6. Regional Comparison: East African Community
Tanzania's monetary policy performance can be best appreciated when compared with regional peers in the East African Community (EAC). This comparison reveals Tanzania's competitive advantages and positions the country as a regional leader in monetary policy effectiveness.
Tanzania's monetary policy stance stands out in the East African Community for its accommodative approach combined with strong price stability. At 5.75%, Tanzania maintains the lowest policy rate in the region, providing a competitive advantage for economic growth while maintaining inflation control.
Country
Central Bank
Policy Rate
Inflation Rate
GDP Growth
Tanzania 🇹🇿
Bank of Tanzania
5.75%
3.4%
6.0%
Kenya 🇰🇪
Central Bank of Kenya
9.00%
4.5%
5.0%
Uganda 🇺🇬
Bank of Uganda
9.75%
3.4%
7.0%
Rwanda 🇷🇼
National Bank of Rwanda
6.75%
7.2%
7.8%
Burundi 🇧🇮
Bank of the Republic of Burundi
12.00%
18.5%
4.1%
Sources: Various Central Bank Monetary Policy Statements, January 2026
EAC Monetary Policy Comparison (January 2026)

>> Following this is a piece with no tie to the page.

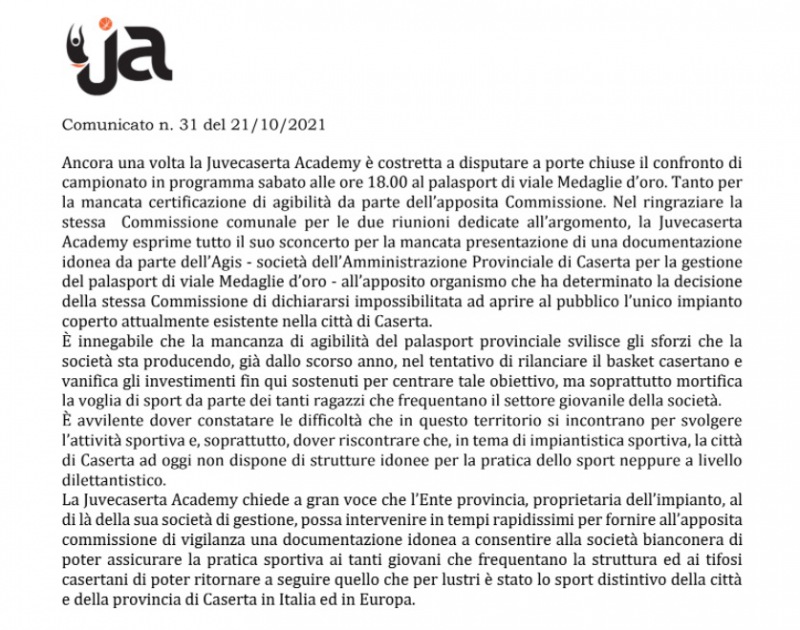 "Ancora una volta la Juvecaserta Academy è costretta a disputare a porte chiuse il confronto di campionato in programma sabato alle ore 18.00 al palasport di viale Medaglie d’oro. Tanto per la mancata certificazione di agibilità da parte dell’apposita Commissione. Nel ringraziare la stessa Commissione comunale per le due riunioni dedicate all’argomento, la Juvecaserta Academy esprime- si legge nella nota- tutto il suo sconcerto per la mancata presentazione di una documentazione idonea da parte dell’Agis - società dell’Amministrazione Provinciale di Caserta per la gestione del palasport di viale Medaglie d’oro - all’apposito organismo che ha determinato la decisione della stessa Commissione di dichiararsi impossibilitata ad aprire al pubblico l’unico impianto coperto attualmente esistente nella città di Caserta. È innegabile che la mancanza di agibilità del palasport provinciale svilisce gli sforzi che la società sta producendo, già dallo scorso anno, nel tentativo di rilanciare il basket casertano e vanifica gli investimenti fin qui sostenuti per centrare tale obiettivo, ma soprattutto mortifica la voglia di sport da parte dei tanti ragazzi che frequentano il settore giovanile della società. È avvilente dover constatare le difficoltà che in questo territorio si incontrano per svolgere l’attività sportiva e, soprattutto, dover riscontrare che, in tema di impiantistica sportiva, la città di Caserta ad oggi non dispone di strutture idonee per la pratica dello sport neppure a livello dilettantistico. La Juvecaserta Academy chiede a gran voce che l’Ente provincia, proprietaria dell’impianto, al di là della sua società di gestione, possa intervenire- si legge nella nota- in tempi rapidissimi per fornire all’apposita commissione di vigilanza una documentazione idonea a consentire alla società bianconera di poter assicurare la pratica sportiva ai tanti giovani che frequentano la struttura ed ai tifosi casertani di poter ritornare a seguire quello che per lustri è stato lo sport distintivo della città e della provincia di Caserta in Italia ed in Europa."

6.2 Comparative Analysis - Tanzania's Superior Performance
Tanzania's combination of low policy rates and controlled inflation demonstrates superior monetary policy effectiveness compared to regional peers. Let's examine each comparison in detail:
🇹🇿 Tanzania vs. 🇰🇪 Kenya
Policy Rate: Tanzania 5.75% vs. Kenya 9.00% (Tanzania 325 bps lower)
Inflation: Tanzania 3.4% vs. Kenya 4.5% (Tanzania lower)
GDP Growth: Tanzania 6.0% vs. Kenya 5.0% (Tanzania higher)
Assessment: Tanzania achieves better outcomes with more accommodative policy, reflecting superior fiscal discipline and policy credibility
🇹🇿 Tanzania vs. 🇺🇬 Uganda
Policy Rate: Tanzania 5.75% vs. Uganda 9.75% (Tanzania 400 bps lower)
Inflation: Tanzania 3.4% vs. Uganda 3.4% (equal inflation control)
GDP Growth: Tanzania 6.0% vs. Uganda 7.0% (Uganda slightly higher)
Assessment: Tanzania achieves similar inflation control with significantly lower rates; Uganda's higher growth comes at cost of tighter monetary conditions
🇹🇿 Tanzania vs. 🇷🇼 Rwanda
Policy Rate: Tanzania 5.75% vs. Rwanda 6.75% (Tanzania 100 bps lower)
Inflation: Tanzania 3.4% vs. Rwanda 7.2% (Tanzania much lower)
GDP Growth: Tanzania 6.0% vs. Rwanda 7.8% (Rwanda higher)
Assessment: Tanzania has superior inflation control; Rwanda's higher growth is accompanied by elevated inflation pressures
All major EAC countries now use interest rate-based monetary policy frameworks, creating regional alignment that facilitates policy coordination and supports eventual monetary union objectives.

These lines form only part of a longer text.